22. Multiple Regression

Motivating Scenario:
We have numerous continuous explanatory variables and aim to develop a comprehensive model.

Learning Goals: By the end of this chapter, you should be able to:

Review of Linear Models

A linear model predicts the response variable, \(\widehat{Y_i}\), by summing all components of the model:

\[\hat{Y_i} = a + b_1 y_{1,i} + b_2 y_{2,i} + \dots{}\]

Linear Models We Have Covered

  • One-sample t-tests: \(\widehat{Y} = \mu\)
  • Two-sample t-tests: \(\widehat{Y_i} = \mu + A_i\) (\(A_i\) can take one of two values)
  • ANOVA: \(\widehat{Y_i} = \mu + A_i\) (\(A_i\) can take one of more than two values)
  • Regression: \(\widehat{Y_i} = \mu + X_i\) (\(X_i\) is continuous)
  • Polynomial Regression: \(\widehat{Y_i} = \mu + X_i + X_i^2\) (\(X_i\) is continuous)
  • ANCOVA: \(\widehat{Y_i} = \mu + X_{1,i} + X_{2,i}\) (\(X_{1,i}\) is categorical, \(X_{2,i}\) is continuous)

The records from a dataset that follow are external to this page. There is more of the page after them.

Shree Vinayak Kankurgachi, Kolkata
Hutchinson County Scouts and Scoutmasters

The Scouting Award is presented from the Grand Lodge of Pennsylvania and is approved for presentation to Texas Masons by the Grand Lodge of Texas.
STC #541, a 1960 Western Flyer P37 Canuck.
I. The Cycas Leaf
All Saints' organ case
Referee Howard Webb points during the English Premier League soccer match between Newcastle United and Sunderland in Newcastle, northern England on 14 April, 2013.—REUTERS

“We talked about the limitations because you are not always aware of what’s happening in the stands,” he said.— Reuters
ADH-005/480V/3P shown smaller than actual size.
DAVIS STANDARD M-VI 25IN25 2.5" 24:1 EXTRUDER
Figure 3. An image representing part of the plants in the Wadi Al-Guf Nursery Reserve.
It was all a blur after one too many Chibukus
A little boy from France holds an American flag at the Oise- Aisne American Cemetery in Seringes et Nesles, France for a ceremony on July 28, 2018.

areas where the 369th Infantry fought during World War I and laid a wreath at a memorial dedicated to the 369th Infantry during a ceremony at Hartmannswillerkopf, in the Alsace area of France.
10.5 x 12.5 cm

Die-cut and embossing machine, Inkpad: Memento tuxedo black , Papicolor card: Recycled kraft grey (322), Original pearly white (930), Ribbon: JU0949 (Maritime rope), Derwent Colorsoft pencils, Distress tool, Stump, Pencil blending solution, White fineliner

Test Statistics for a Linear Model

  • The \(t\) value shows how many standard errors an estimate is from its null value.
  • The \(F\) value quantifies the ratio of variation in the response variable associated with a focal explanatory variable (\(MS_{model}\)), relative to the variation not attributable to this variable (\(MS_{error}\)).

Assumptions of a Linear Model

Linear models rely on the following assumptions:

  • Linearity: The observations are appropriately modeled by summing all predictions in our equation.
  • Homoscedasticity: The variance of residuals is constant across values of the predicted value, \(\hat{Y_i}\).
  • Independence: Observations are independent of one another (aside from the model’s predictors).
  • Normality: Residuals are normally distributed.
  • Unbiased Data Collection: Data should be collected without bias.

Multiple regression

In the previous section we saw a “polynomial regression”. In a way, a polynomial regression is a special type of multiple regression – we are predicting our continuous response variable as a function of two continuous predictors.

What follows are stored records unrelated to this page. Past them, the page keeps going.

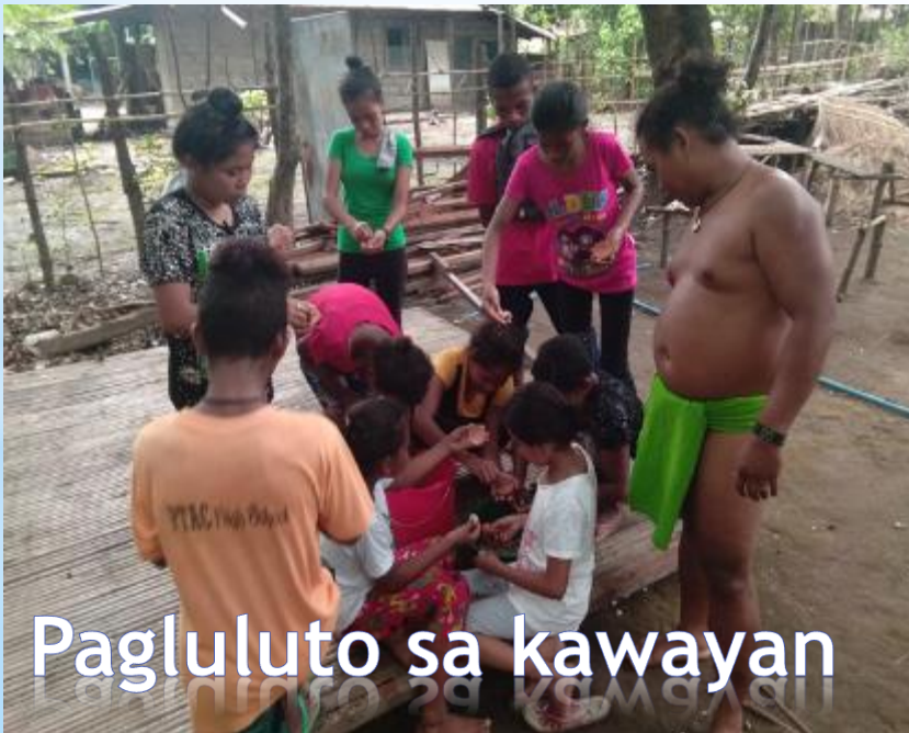
Pagluluto sa kawayan
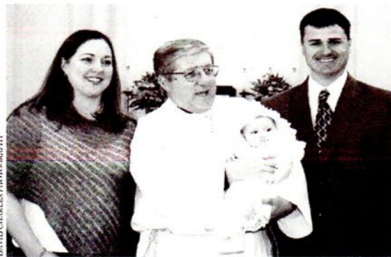
Priest and parents celebrate a newly-baptized child

God himself. In the book of Wisdom, we hear this beautiful hymn to supernatural wisdom: "[I]n her there is a spirit that is intelligent, holy, unique, manifold, subtle, mobile, clear, unpolluted, distinct, invulnerable, loving the good, keen, irresistible, beneficent, humane, steadfast, sure, free from anxiety, all-powerful, overseeing all, and penetrating through all spirits that are intelligent and
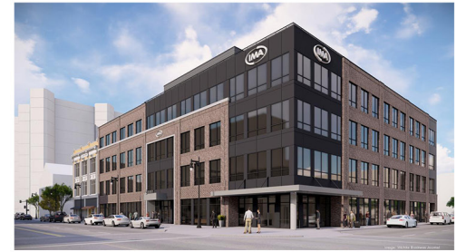
430 Re-Development - $21M Anticipated Completion Winter 2020
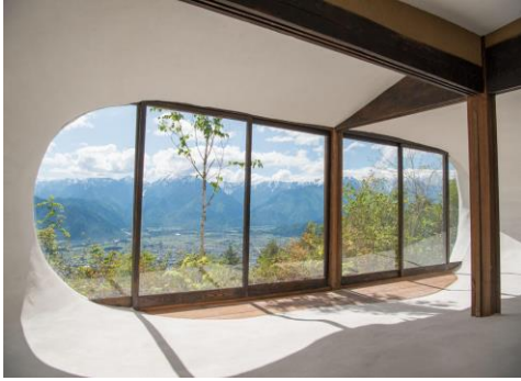
©目[mé] 《Tangible Landscape》 2017
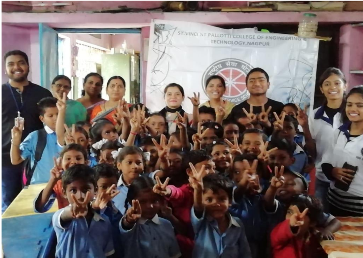
IT NSS Coordinators along with School Children's
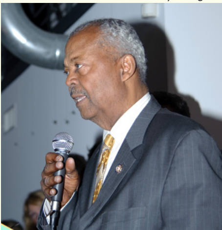
SAWIP Patron Congressman Donald Payne
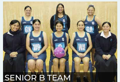
SENIOR B TEAM
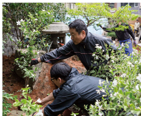
Technical guidance on site by Japanese gardener
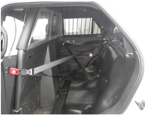
Back Seat of Patrol Vehicle
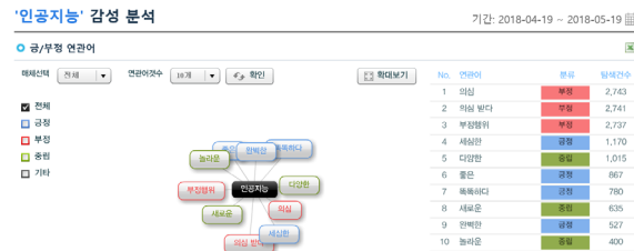
Fig. 3. Associated word of positive / negative (Sensitivity analysis)

Next, figure 3 is an associated word of positive / negative (sensitivity analysis) of “Artificial Intelligence” search word. The most frequently mentioned emotional analyzes during the analysis term were the Doubt (2,743) and the Be suspicious (2,741).
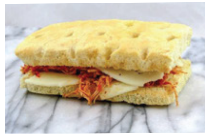
Slow Cooked Italian Sandwich
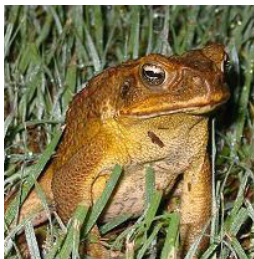
Adult Cane Toad

An aggressive predator, the cane toad competes with a multitude of small native species for a limited food supply. They also produce a highly toxic poison which makes them a deadly meal for native and domestic animals alike.
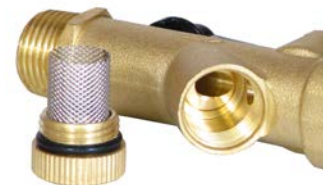
Integrated mesh strainer

JORC is NEN - EN - ISO 9001:2015 certified
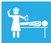
removal of organs

•Children account for 1 in 3 victims of human trafficking worldwide.
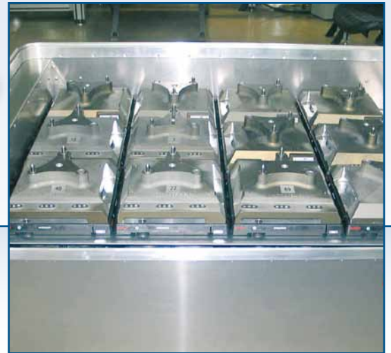
Loaded with engine block components

Of course it’s only one predictor variable - but we consider its value and its squared value.

We also are often interested in predicting a continuous response from two (or more) different explanatory variables.

\[\begin{equation} \widehat{Y_i} = a + b_1 \times y_{1,i} + b_2 \times X_{2,i}\\ \\ \end{equation}\]

Multiple Regression Assumptions

Multiple regression models follow the same assumptions as any linear model:

  • Homoscedasticity: The variance of residuals is constant across all levels of the predicted value, \(\hat{Y_i}\), meaning it remains consistent regardless of the values of the predictors.
  • Independence: Observations are independent of each other, except as influenced by the predictors included in the model.
  • Normality: Residuals are normally distributed.
  • Unbiased Data Collection: Data are collected without systematic bias.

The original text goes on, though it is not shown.